Day 3, however, is different. And as the Artist wanted to cross the Mississippi at St. Louis (ugh!) rather than Hannibal this time, so that we could grab an expressway (ugh!) angling southwest, it was not my favorite day of the trip. All I can say is that if you mustcross at St. Louis, where the tangled knot of criss-crossing high-speed roads makes going around Chicago look like child’s play, doing so early on a weekend morning (Saturday, in our case) is probably as good as it can get, and it would also be much more difficult if the driver were alone and had no navigator. The rolling pastures of Missouri are beautiful, but my eye was drawn continually to the old road paralleling the expressway. On expressway, I always feel as if I’m on a conveyor belt: there is no slowing down or stopping to, for instance, photograph an interesting sight. Of course, that is the whole point of expressways. Keep rolling nonstop!

 

Here is a further thought I had about expressways. They are, in the best designs, thoroughly rational. Logical and rational from an engineering point of view, that is, which is another part of the problem (for me), related to but distinct from their nonstop nature. Threading the convoluted knot of St. Louis, for instance, one loses any sense of direction. Where is east, and where is west? North, south? These interchanges did not grow organically from earlier roads that took the place of footpaths that developed along animal trails, and the gap between the organic and the rational is enormous, a difference of kind rather than degree. They are really two different worlds, one we follow with our body’s animal senses, the other a system our minds must bend and twist to follow, ignoring those same animal senses.

 

I am a book person. Life in the slow lane is my preferred mode. The trail from Michigan to Arizona is a long one, however, and we were not traveling as tourists. In Illinois there was no time to visit the shrine (as I think of it) to the memory of Mother Jones or to explore the Cahokia Mounds, and speeding through Missouri the whole point was to reach Tulsa by nightfall. As I say, it was the most difficult day on the road for me.


Our view of Tulsa


Day 4 arrived. We departed Tulsa. By the time we reached western Oklahoma, the land began to open out to wide, long horizons, and my heart began to lighten and lift and expand. Forget about right and left brains. For me it is my heart that has at least two different homelands, Michigan Great Lakes and Western rangeland and mountains. There in western Oklahoma and on into and across the Texas panhandle, we were on the high plains. I always think of a friend who lived for years in South America and shared with me her romantic notion of the altiplano. Shoulders straighten, eyes search the horizon, lungs expand and take in great gulps of air. 

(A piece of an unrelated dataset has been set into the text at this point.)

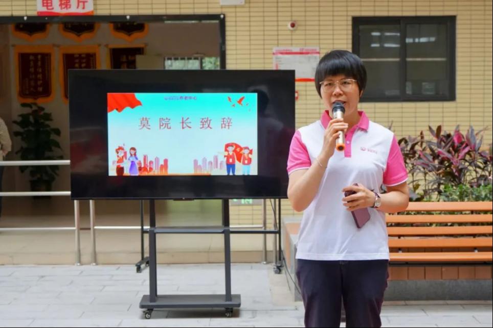 四会市春晖优品养老中心莫希璇院长介绍养老中心的基本情况,并对华商师生志愿者们的到来表示欢迎与感谢,鼓励同学们积极参与社会实践,为和谐社会做青年贡献。

Despite the Artist’s dedication to expressway speed, he was happy to detour off the road so we could revisit Vega, Texas. Years before we had had a pleasant lunch at the little bakery café across from the courthouse square, where the rancher husband was filling in for his baker wife, who was off on a catering job elsewhere. Then the stop got lost in memory’s shuffle, and search the map as we might, we could never remember the name of the town or find it again on our travels. But that was because we had developed a different route, one that took us through Kansas and down through only the smallest slivers of the panhandles of Oklahoma and Texas. But this time, on the road first taken, we found Vega again. It was Sunday evening, so not surprising that the café was not open, but it was satisfying to see the little town again and remember our earlier encounter and a walk with Sarah after that lunch. Memories don’t have to be spectacular and full of fireworks to be important.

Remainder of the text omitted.